Exercise directions: I'd like the entire listing output verbatim, apart from the pictures.

Records for the exercise:

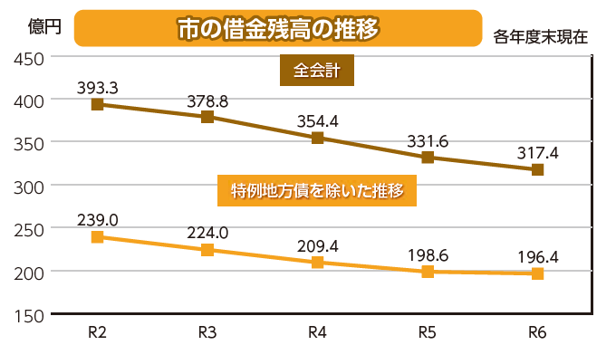 なお、令和6年度については、市債の返済額が新規発行額を上回ったため、市債残高は減少しています。
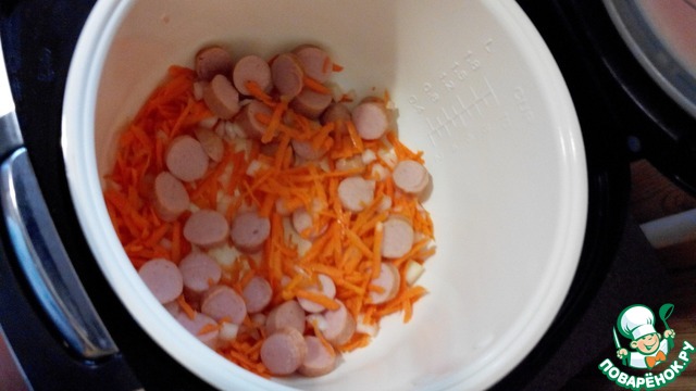 Добавить немного растительного масла и положить морковь, лук и сосиски в мультиварку
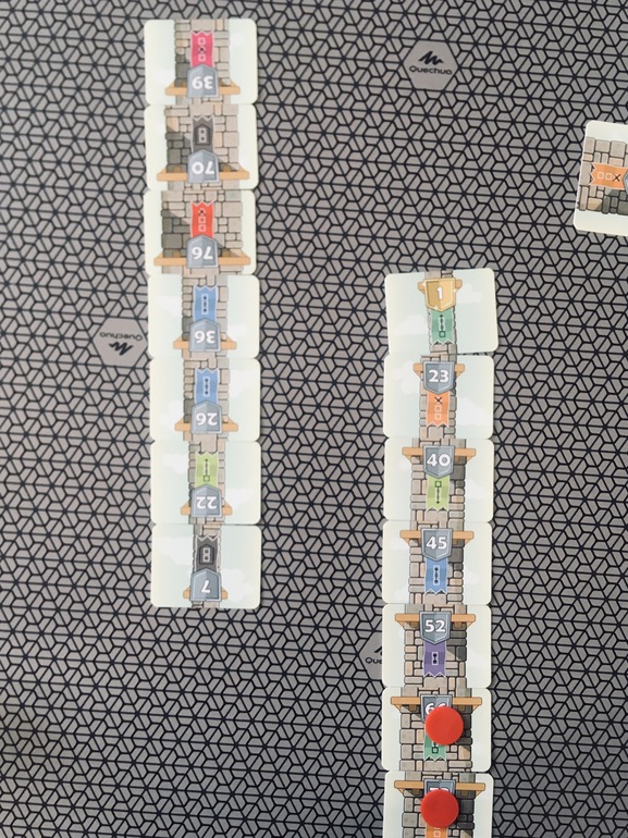 Вот на этой фотографии, сын вытащил карту с числом 15 и должен был заменить этим блоком любой этаж в башне. И вот вместо того, чтобы поставить 15 вместо 4, он решает убрать этаж с числом 35, а вместо него поставить число 15. Вот где логика? Но эта игра всё-таки не сильно сложная. Думаю, немного тренировки и сын будет играть намного лучше. А может попробуем через пару месяцев и дело наладится само собой.
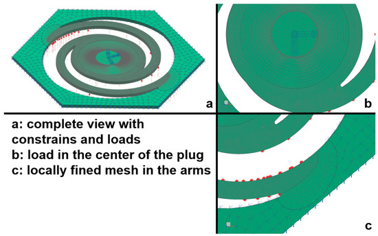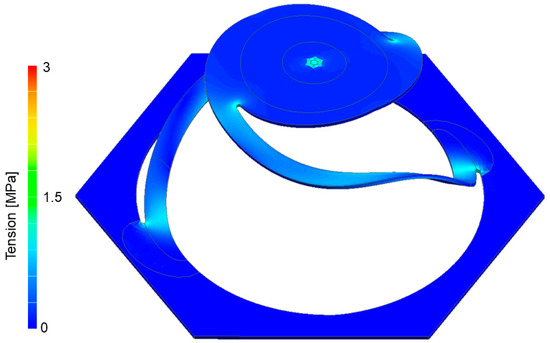 Upon deflection, the membrane experiences a multi-axial stress state consisting of bending and torsion. The deformations of these are added via superposition. In simplified terms, the spiral arms are assumed to be a clamped linear bending beam whose length can be determined by the function of the Archimedean spiral used. The torsion depends on the distance to the center of the plug, which can also be determined mathematically. The stresses occurring in the spiral arms of the membrane are very low due to their small thickness. The deformation is therefore in an approximately linear elastic range (Figure 11).
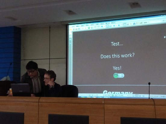 At 14:00 on April 17, 2014, The overseas exchange were successfully held in the conference center of Jiangsu University. He-zhe Qi from Overseas Education College gave a wonderful report. 55 freshman of Food Safety and 6 foreign students participated.At the meeting, He-zhe Qi explained that the school's policy of studying abroad and national environment, which inspired everyone enthusiasm of overseas studying. Further on six overseas students from Germany, Korea, India, North Africa showed their customs and college education one by one, which broadened audience`s horizon. Students of Overseas Education College and Chinese students had a heated exchange. Each one had a further knowledge about the exchange of overseas journey and experience, combine education and fun .The exchange lasts three hours. It helps students learn that under the support of our school ,the dream of overseas studying would be realized.
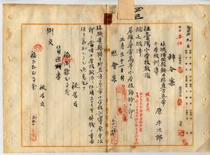 四三 台北庁長井村大吉ノ内申ニ依リ休職福岡県鞍手郡直方尋常小学校訓導原平次郎ヲ台湾小学校教諭ニ任シ基隆尋常高等小学校勤務ヲ命ス
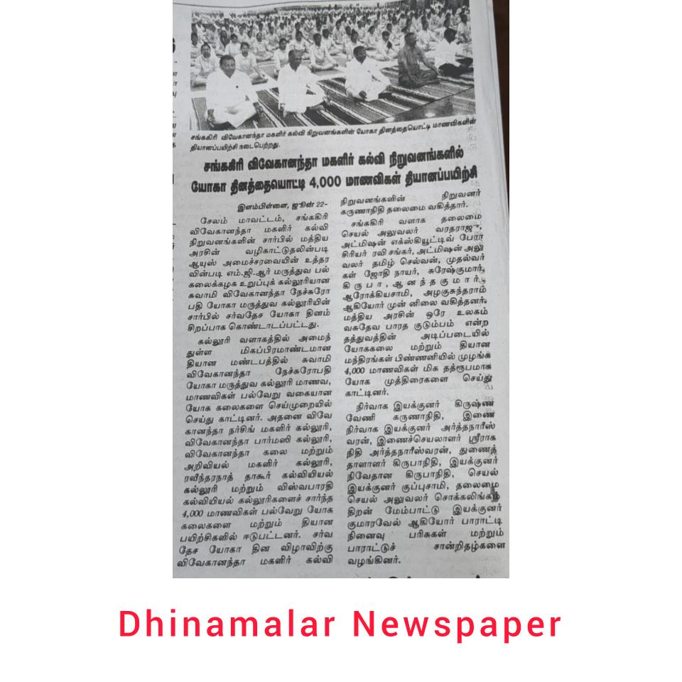 Swamy Vivekanandha Naturopathy and Yoga Medical College, Salem has set a NEW WORLD RECORD of Maximum number of participants attempting 100 times SURYA NAMASKAR Within 30 minutes on 15th June 2023 .
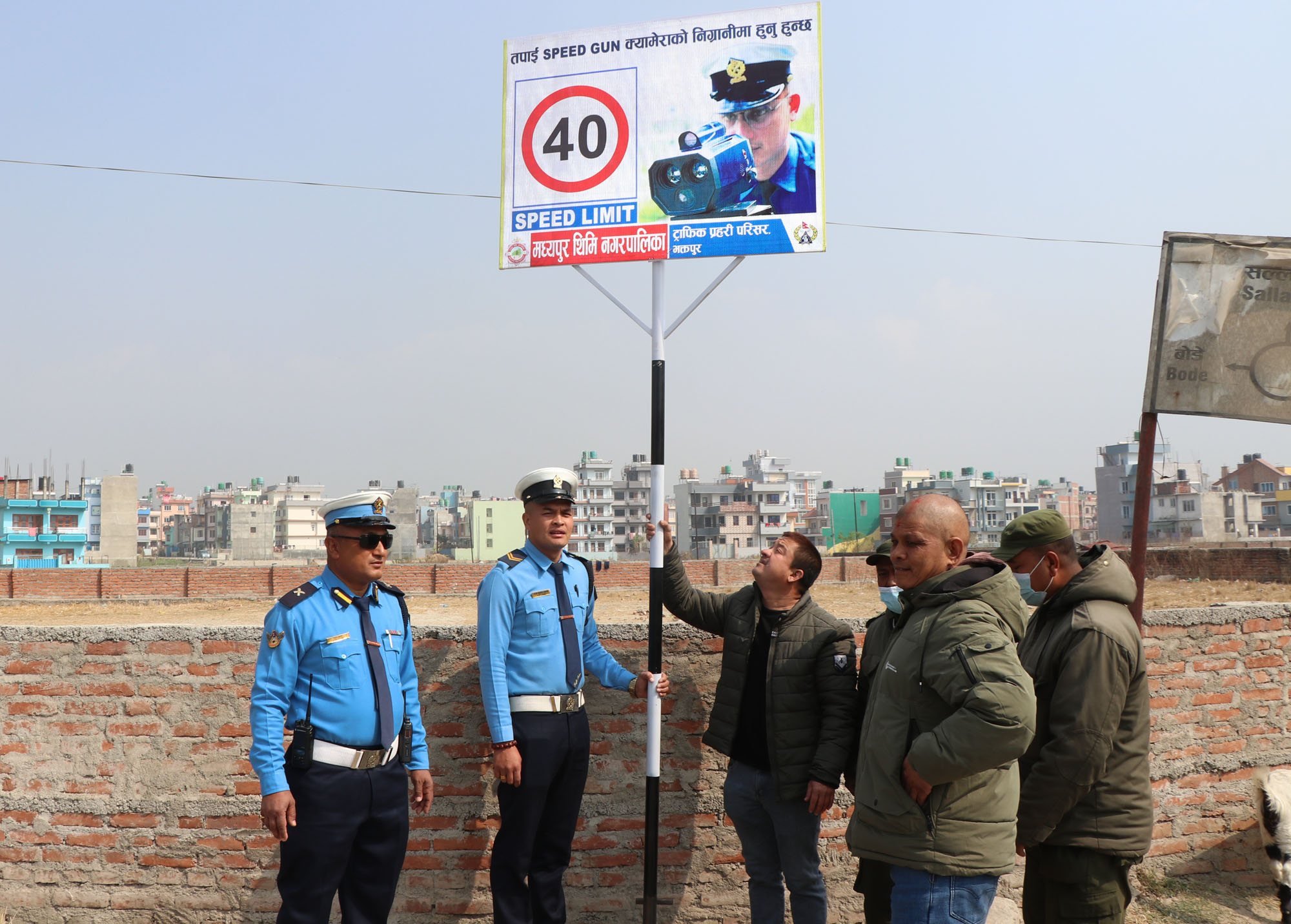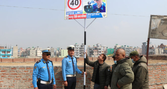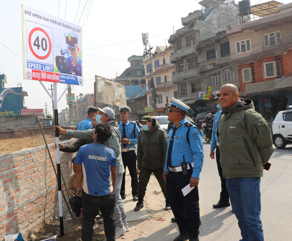 जिल्ला ट्राफिक प्रहरी परिसर भक्तपुरले मध्यपुरथिमि नगरपालिकाको संयोजन एवं सहयोगमा ट्राफिक प्रहरी, नगरपालिका, प्रहरी बृत्त थिमि, डिभिजन सडक कार्यालय भक्तपुर, नगर प्रहरीसमेतको टोलीले आज निकोसेरा चोकदेखि पेप्सीकोला मनोहरा पुलसम्म २० ठाउँमा तिब्र गति नियन्त्रण सम्बन्धि जनचेतना एवं सूचनामलक बोर्डहरु राखेको छ ।

Expected answer:
 なお、令和6年度については、市債の返済額が新規発行額を上回ったため、市債残高は減少しています。
 Добавить немного растительного масла и положить морковь, лук и сосиски в мультиварку
 Вот на этой фотографии, сын вытащил карту с числом 15 и должен был заменить этим блоком любой этаж в башне. И вот вместо того, чтобы поставить 15 вместо 4, он решает убрать этаж с числом 35, а вместо него поставить число 15. Вот где логика? Но эта игра всё-таки не сильно сложная. Думаю, немного тренировки и сын будет играть намного лучше. А может попробуем через пару месяцев и дело наладится само собой.
 Upon deflection, the membrane experiences a multi-axial stress state consisting of bending and torsion. The deformations of these are added via superposition. In simplified terms, the spiral arms are assumed to be a clamped linear bending beam whose length can be determined by the function of the Archimedean spiral used. The torsion depends on the distance to the center of the plug, which can also be determined mathematically. The stresses occurring in the spiral arms of the membrane are very low due to their small thickness. The deformation is therefore in an approximately linear elastic range (Figure 11).
 At 14:00 on April 17, 2014, The overseas exchange were successfully held in the conference center of Jiangsu University. He-zhe Qi from Overseas Education College gave a wonderful report. 55 freshman of Food Safety and 6 foreign students participated.At the meeting, He-zhe Qi explained that the school's policy of studying abroad and national environment, which inspired everyone enthusiasm of overseas studying. Further on six overseas students from Germany, Korea, India, North Africa showed their customs and college education one by one, which broadened audience`s horizon. Students of Overseas Education College and Chinese students had a heated exchange. Each one had a further knowledge about the exchange of overseas journey and experience, combine education and fun .The exchange lasts three hours. It helps students learn that under the support of our school ,the dream of overseas studying would be realized.
 四三 台北庁長井村大吉ノ内申ニ依リ休職福岡県鞍手郡直方尋常小学校訓導原平次郎ヲ台湾小学校教諭ニ任シ基隆尋常高等小学校勤務ヲ命ス
 Swamy Vivekanandha Naturopathy and Yoga Medical College, Salem has set a NEW WORLD RECORD of Maximum number of participants attempting 100 times SURYA NAMASKAR Within 30 minutes on 15th June 2023 .
 जिल्ला ट्राफिक प्रहरी परिसर भक्तपुरले मध्यपुरथिमि नगरपालिकाको संयोजन एवं सहयोगमा ट्राफिक प्रहरी, नगरपालिका, प्रहरी बृत्त थिमि, डिभिजन सडक कार्यालय भक्तपुर, नगर प्रहरीसमेतको टोलीले आज निकोसेरा चोकदेखि पेप्सीकोला मनोहरा पुलसम्म २० ठाउँमा तिब्र गति नियन्त्रण सम्बन्धि जनचेतना एवं सूचनामलक बोर्डहरु राखेको छ ।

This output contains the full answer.